#### Material provided:
****************************************
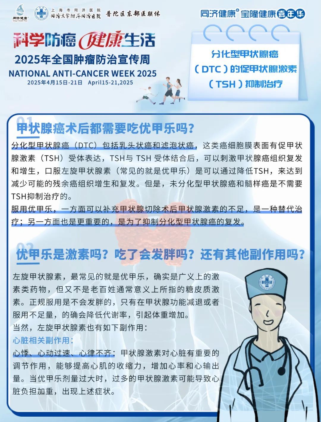 同济大学附属同济医院积极响应国家号召,在4月17日及4月18日举行了科普直播,汇聚多学科权威专家,为大家解锁了防癌抗癌核心知识!
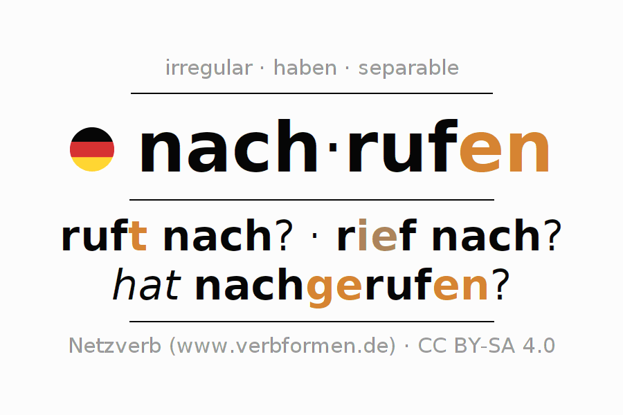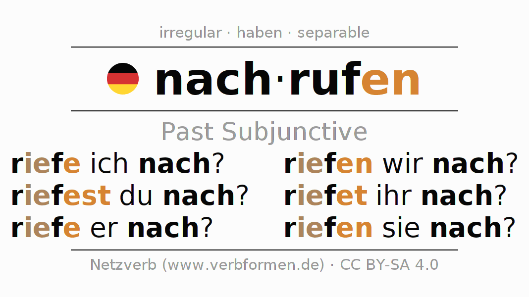 The conjugation of nachrufen in Subjunctive Imperfect Form of possibility Active is riefe ich nach?, riefest du nach?, riefe er nach?, riefen wir nach?, riefet ihr nach?, riefen sie nach?.The conjugation corresponds to certain grammatical rules. Likewise the requirements for the conjugation of the simple verb forms of nachrufen in Imperfect Subjunctive. Comments ☆
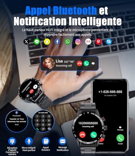 【Appels et Notifications Bluetooth】: Restez connecté avec la possibilité de passer, répondre et refuser des appels directement depuis votre poignet en utilisant cette montre de fitness. Une fois jumelée à votre smartphone, elle peut synchroniser jusqu’à 70 contacts. De plus, cette montre connectée pour hommes peut recevoir des notifications des applications populaires telles que Facebook, Instagram, YouTube, WhatsApp et Twitter.
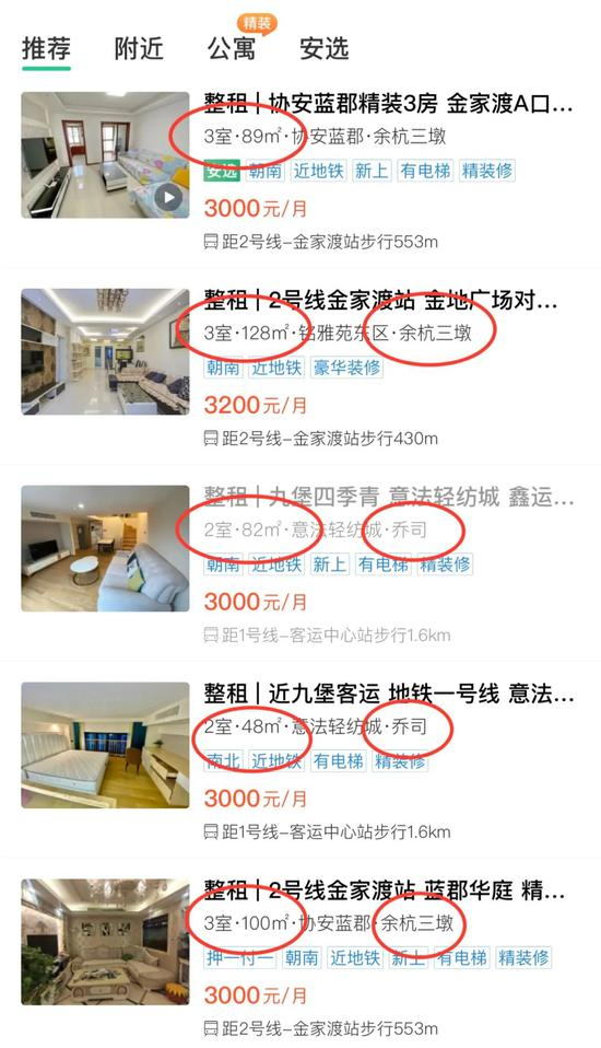 更有趣的是,在安居客平台上可以发现,偌大一个杭州,不同地理位置、不同户型、不同面积的房子,出租价格确实意外的一致,全部在3000元左右,上下浮动不超过300元。并且所有诸如此类的房源信息都在搜索列表或者推荐列表的前列,足见价格虚标的范围之大。
****************************************
#### What is required:
Where a picture appears in the material above, skip it, and print the rest exactly.

#### Answer to this exercise:
 同济大学附属同济医院积极响应国家号召,在4月17日及4月18日举行了科普直播,汇聚多学科权威专家,为大家解锁了防癌抗癌核心知识!
 The conjugation of nachrufen in Subjunctive Imperfect Form of possibility Active is riefe ich nach?, riefest du nach?, riefe er nach?, riefen wir nach?, riefet ihr nach?, riefen sie nach?.The conjugation corresponds to certain grammatical rules. Likewise the requirements for the conjugation of the simple verb forms of nachrufen in Imperfect Subjunctive. Comments ☆
 【Appels et Notifications Bluetooth】: Restez connecté avec la possibilité de passer, répondre et refuser des appels directement depuis votre poignet en utilisant cette montre de fitness. Une fois jumelée à votre smartphone, elle peut synchroniser jusqu’à 70 contacts. De plus, cette montre connectée pour hommes peut recevoir des notifications des applications populaires telles que Facebook, Instagram, YouTube, WhatsApp et Twitter.
 更有趣的是,在安居客平台上可以发现,偌大一个杭州,不同地理位置、不同户型、不同面积的房子,出租价格确实意外的一致,全部在3000元左右,上下浮动不超过300元。并且所有诸如此类的房源信息都在搜索列表或者推荐列表的前列,足见价格虚标的范围之大。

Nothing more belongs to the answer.